Beginning in the early 90s, I saw various doctors and specialists, including some at Mayo Clinic in Rochester, Minnesota.  I grew tired of telling them I used my middle name, so I just went along with Rayma.  Often nurses would say they liked the unusual name which they often claimed they had not heard before.  Actually, I was in line for getting an ID at a big state school, the University of Missouri in Columbia, before I met another person other than my aunt with the same name.

When my husband and I left our hometown and lifetime residence in St. Louis to come to Charleston in 2015, I decided to use Rayma as my name.  A contributing factor in making this change was what I had learned about the word “rhema,” spelled differently but pronounced the same. When I started attending charismatic Bible study and prayer groups, I learned rhema means “utterance” or “thing said” in Greek.  In the book of Hebrews, chapter four, it is the word described as “living and active.”  Knowing this also moved me toward my first name.  However, our daughter and her family had lived in Charleston for three years before we made the move; her church members and neighbors had known me as Kay and probably thought I was a little loony suddenly using a different name.  Such things keep life interesting.

Now my husband had called me Kay for over forty-six years and was not too keen on the name change in our new life on the Illinois prairie.  He always called me Kay, the name of the girl he fell in love with so many years ago.   

   

Monday, February 1, 2021

Memories of Special Clothes, Colors and People

    Often special moments—good or bad—are associated with clothing, something about it like color, style, appeal.  My family was not rich by any means, but my mother did have a lady make some very special dresses for me.  I can still see one in my mind, a grey and pink see through like material, and I, the adorable, dark haired little girl with a favorite little golden locket.

                My older brother became a high school star basketball player in the 60s wearing uniforms very much like the ones in the Hoosier movie.  Being four years younger, I looked up to him and enjoyed watching the cheerleaders in their V neck sweaters with a big N on them for Normandy (school made famous in 2014 Black Lives Matter beginning).
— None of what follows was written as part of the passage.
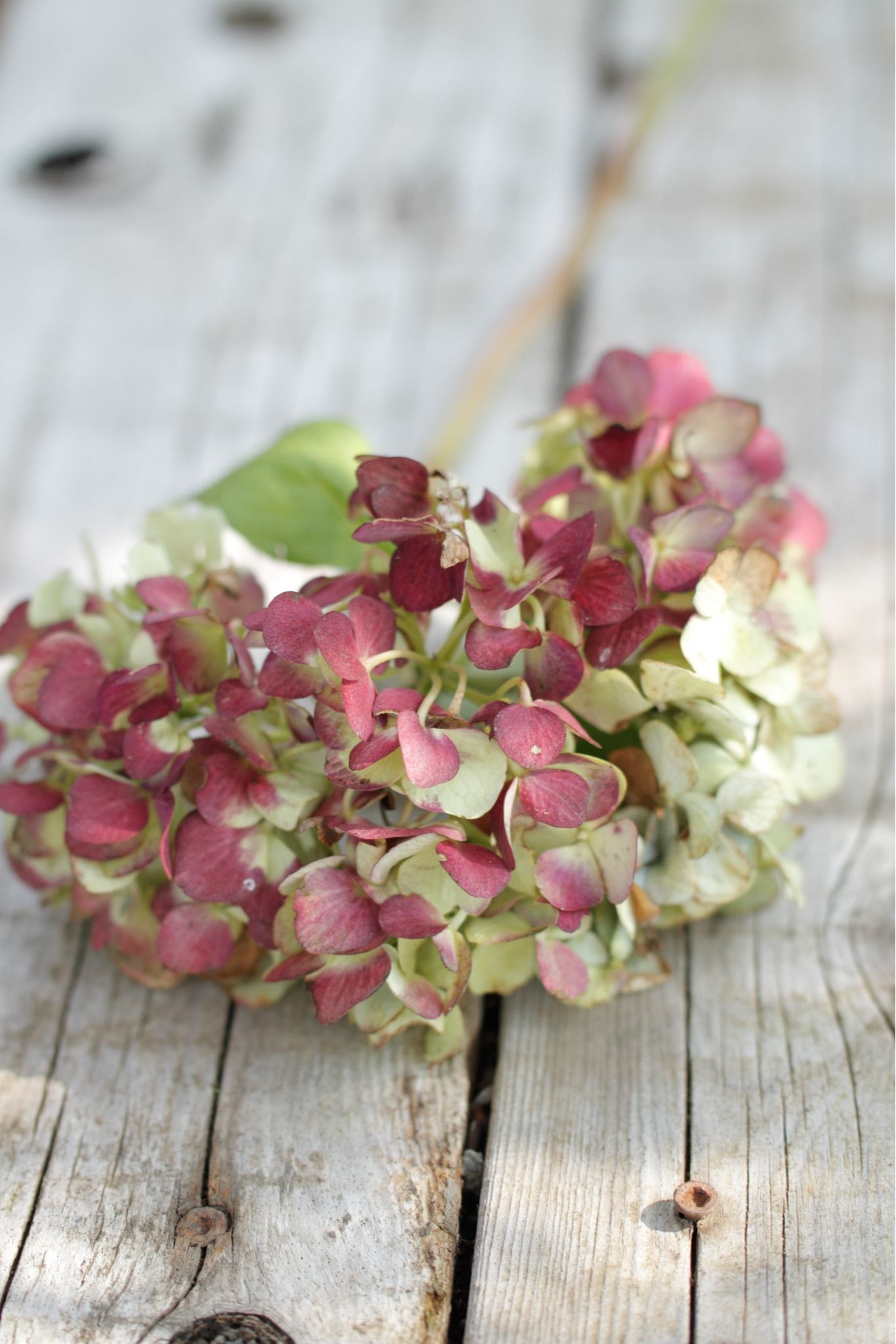 じつは「秋色アジサイ」という名前は“通称”。西洋アジサイやアナベルのなかで、秋に、くすんだニュアンスカラーに変化する品種の総称です。花びらが固く締まっているのが特徴。赤みや青みを帯びながら、ひと房の中に複雑な色合いが混じります。

Those were exciting times for the school and our family.

                Without a doubt, it was not Jim’s stylish look or even attempt to look attractive that won my heart.  Those first few weeks he would come over to my house with SIUE apparel, often with holes here and there.  Despite my growing affection for him, I did wonder if he had any decent clothes to wear in a box or closet somewhere—unknown apparently.
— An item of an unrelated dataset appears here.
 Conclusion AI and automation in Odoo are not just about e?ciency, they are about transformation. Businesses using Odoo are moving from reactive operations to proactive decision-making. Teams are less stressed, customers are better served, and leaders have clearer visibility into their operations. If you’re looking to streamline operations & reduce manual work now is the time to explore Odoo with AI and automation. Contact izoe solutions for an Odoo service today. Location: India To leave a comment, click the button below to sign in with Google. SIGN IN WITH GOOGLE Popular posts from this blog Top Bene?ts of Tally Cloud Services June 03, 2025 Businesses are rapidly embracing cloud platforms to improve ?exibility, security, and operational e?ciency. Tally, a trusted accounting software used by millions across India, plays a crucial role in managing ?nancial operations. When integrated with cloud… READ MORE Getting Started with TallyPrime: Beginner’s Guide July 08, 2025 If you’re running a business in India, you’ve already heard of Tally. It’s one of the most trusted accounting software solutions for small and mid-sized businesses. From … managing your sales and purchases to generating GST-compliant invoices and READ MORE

                But the color and dress that I wore on our first date was special and remained so.  I had made the dress, a simple A-line with a U shaped, ruffle-enhanced neckline.  The color, a magenta, deep cranberry is a flattering one for us winter girls with dark hair and eyes.  Does anyone even talk about that season coloring guide anymore?
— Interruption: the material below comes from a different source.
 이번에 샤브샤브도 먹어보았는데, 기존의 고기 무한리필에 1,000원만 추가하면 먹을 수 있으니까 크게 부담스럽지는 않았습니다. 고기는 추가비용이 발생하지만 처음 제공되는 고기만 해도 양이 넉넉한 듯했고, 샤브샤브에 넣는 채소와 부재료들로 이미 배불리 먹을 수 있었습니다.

                That night late in February, that dress, that color, and the time to be in Jim’s company, just thinking about it all does not make me sad, but so very thankful for our 45 years of marriage.  I spent many years operating with a fairly empty dance card, and then along came Jim.  At some point in those first months, he returned my record set of Jesus Christ Super Star.  When I took the lid off, inside was a chiffon scarf just that magenta color with a little note from a song in “My Fair Lady”: “but the pavement always stayed beneath my feet before.” This “I don’t care what I look like” fellow was quite the romantic, going to the theater to see “Sound of Music” seven times while attending a preparatory Catholic boys’ high school.

                Today that scarf hangs on a ladder from a Christmas display that Jim bought for me at Carson’s department store after we moved to Charleston from St. Louis.  The ladder stands near the front door, and the scarf hangs on one cross bar, a reminder of a special night, a special dress and a special man.